2.3.2. Source-Specific Multicast Mobility

Source-Specific Multicast has been designed for multicast senders with static source addresses. The source addresses in a client subscription to an SSM group is directly used to route identification. Any SSM subscriber is thus forced to know the topological address of the contributor to the group it wishes to join. The SSM source identification becomes invalid when the topological source address changes under mobility. Hence, client implementations of SSM source filtering must be MIPv6 aware in the sense that a logical source identifier (HoA) is correctly mapped to its current topological correspondent (CoA).

As a consequence, source mobility for SSM requires a conceptual treatment beyond the problem scope of mobile ASM. A listener subscribes to an (S,G) channel membership and routers establish an (S,G)-state shortest path tree rooted at source S; therefore, any change of source addresses under mobility requires state updates at all routers on the upstream path and at all receivers in the group. On source handover, a new SPT needs to be established that will share paths with the previous SPT, e.g., at the receiver side. As the principle of multicast decoupling of a sender from its receivers holds for SSM, the client updates needed for switching trees become a severe burden.

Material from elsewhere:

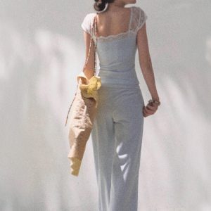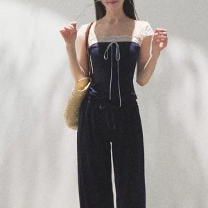 * Cotton lace spliced bow design cool and skin-friendly simple short-sleeved shirt top

An SSM listener may subscribe to or exclude any specific multicast source and thereby wants to rely on the topological correctness of network operations. The SSM design permits trust in equivalence to the correctness of unicast routing tables. Any SSM mobility solution should preserve this degree of confidence. Binding updates for SSM sources thus should have to prove address correctness in the unicast routing sense, which is equivalent to binding update security with a correspondent node in MIPv6 [5].

The above methods could add significant complexity to a solution for robust SSM mobility, which needs to converge to optimal routes and, for efficiency, is desired to avoid data encapsulation. Like ASM, handover management is a time-critical operation. The routing distance between subsequent points of attachment, the "step size" of the mobile from previous to next designated router, may serve as an appropriate measure of complexity [25][26].

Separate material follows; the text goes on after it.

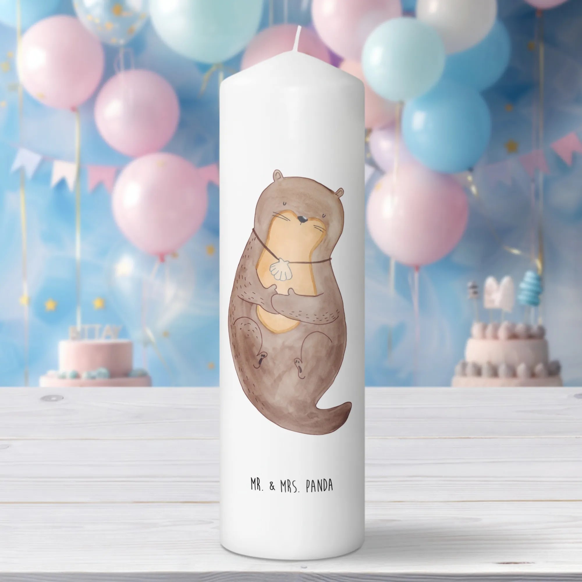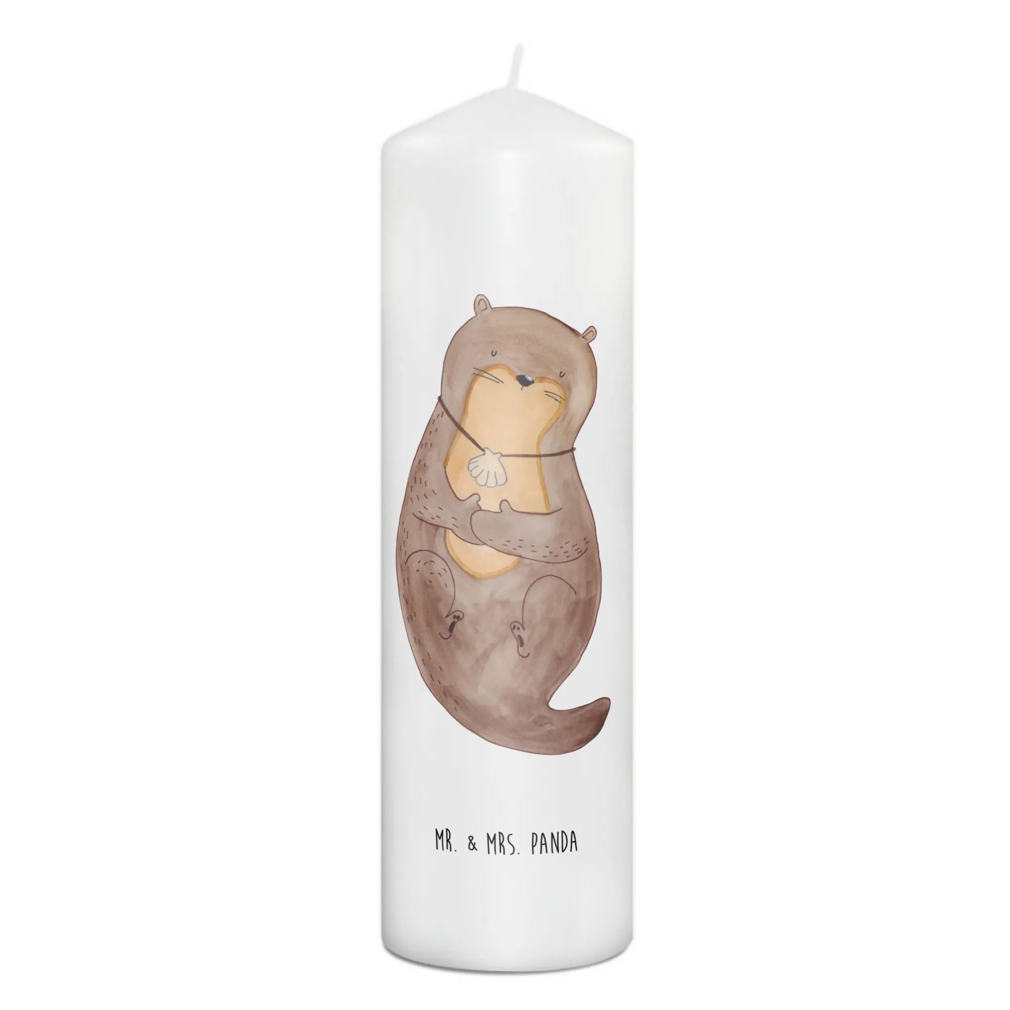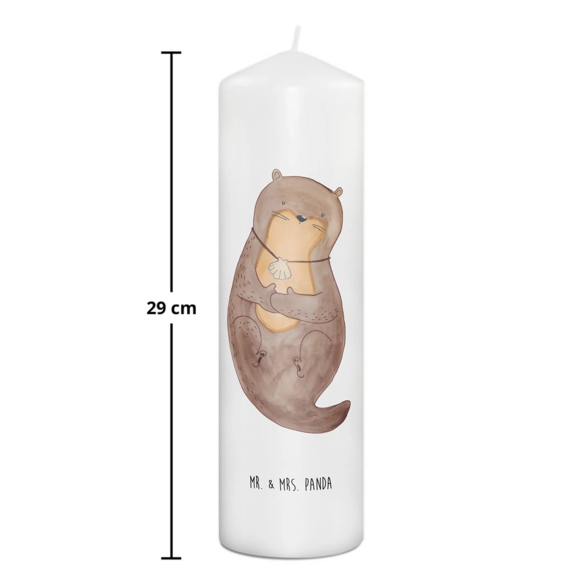 Discover the perfect gift for animal lovers or those seeking a touch of warmth in their home with the Mr. & Mrs. Panda Otter Candle with Seashell Necklace from our delightful Otter Collection. Measuring at 15 cm in height and 7 cm in diameter, this charming candle is crafted from premium paraffin wax and features a beautifully designed otter motif, where a sweet otter sports a seashell necklace.

Finally, Source-Specific Multicast has been designed as a lightweight approach to group communication. In adding mobility management, it is desirable to preserve the leanness of SSM by minimizing additional signaling overhead.

2.4. Deployment Issues

IP multicast deployment, in general, has been slow over the past 15 years, even though all major router vendors and operating systems offer implementations that support multicast [27]. While many (walled) domains or enterprise networks operate point-to-multipoint services, IP multicast roll-out is currently limited in public inter- domain scenarios [28]. A dispute arose on the appropriate layer, where group communication service should reside, and the focus of the research community turned towards application-layer multicast. This debate on "efficiency versus deployment complexity" now overlaps the mobile multicast domain [29]. Garyfalos and Almeroth [30] derived from fairly generic principles that when mobility is introduced, the performance gap between IP- and application-layer multicast widens in different metrics up to a factor of four.

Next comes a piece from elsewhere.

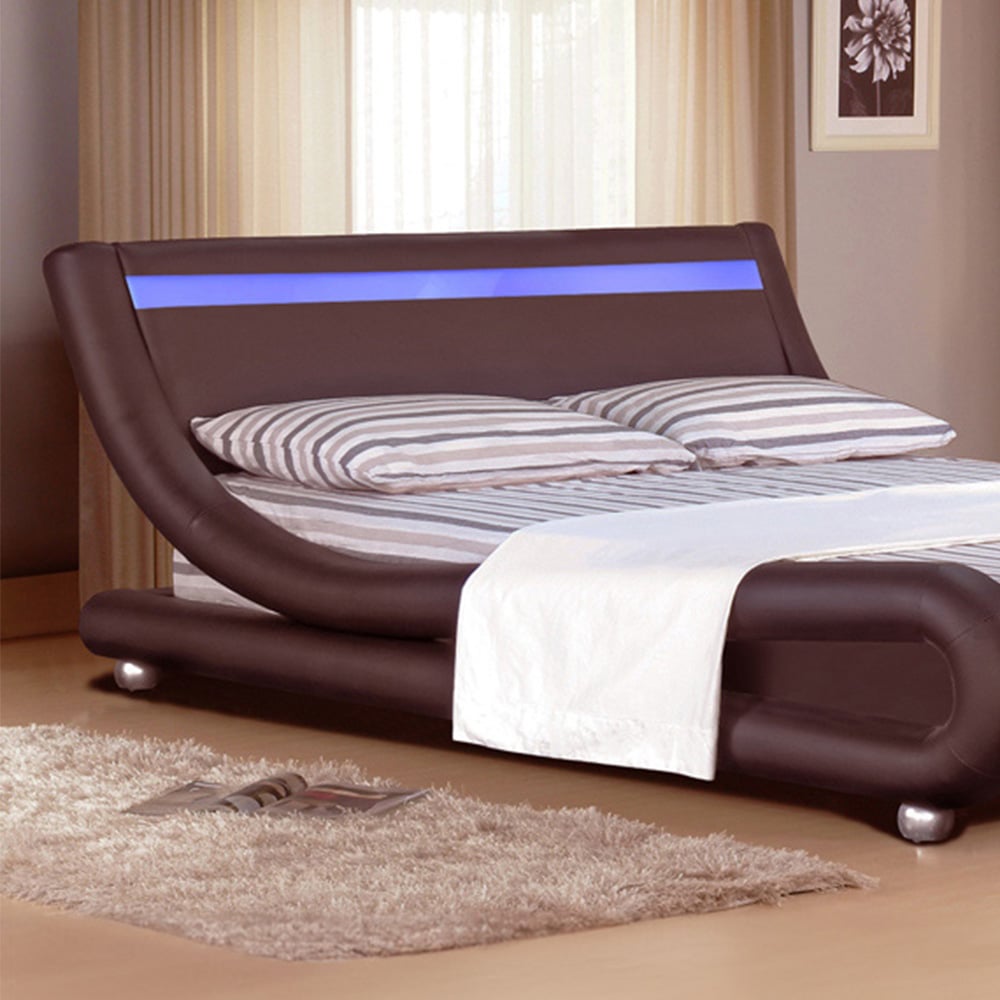 Brooklyn Italian Designer King Size Brown Faux Leather LED Bed Frame

Facing deployment complexity, it is desirable that any solution for mobile multicast does not change the routing protocols. Mobility management in such a deployment-friendly scheme should preferably be handled at edge nodes, preserving a mobility-agnostic routing infrastructure. Future research needs to search for such simple, infrastructure-transparent solutions, even though there are reasonable doubts as to whether this can be achieved in all cases.

Nevertheless, multicast services in mobile environments may soon become indispensable, when multimedia distribution services such as Digital Video Broadcasting for Handhelds (DVB-H) [31][32] or IPTV develop a strong business case for portable IP-based devices. As IP mobility becomes an important service and as efficient link utilization is of a larger impact in costly radio environments, the evolution of multicast protocols will naturally follow mobility constraints.

3. Characteristics of Multicast Routing Trees under Mobility

Multicast distribution trees have been studied from a focus of network efficiency. Grounded on empirical observations, Chuang and Sirbu [33] proposed a scaling power-law for the total number of links in a multicast shortest path tree with m receivers (proportional to m^k). The authors consistently identified the scale factor to attain the independent constant k = 0.8. The validity of such universal, heavy-tailed distribution suggests that multicast shortest path trees are of self-similar nature with many nodes of small, but few of higher degrees. Trees consequently would be shaped tall rather than wide.

Subsequent empirical and analytical work [34][35] debated the applicability of the Chuang and Sirbu scaling law. Van Mieghem et al. [34] proved that the proposed power law cannot hold for an increasing Internet or very large multicast groups, but is indeed applicable for moderate receiver numbers and the current Internet size of N = 10^5 core nodes. Investigating self-similarity, Janic and Van Mieghem [36] semi-empirically substantiated that multicast shortest path trees in the Internet can be modeled with reasonable accuracy by uniform recursive trees (URTs) [37], provided m remains small compared to N.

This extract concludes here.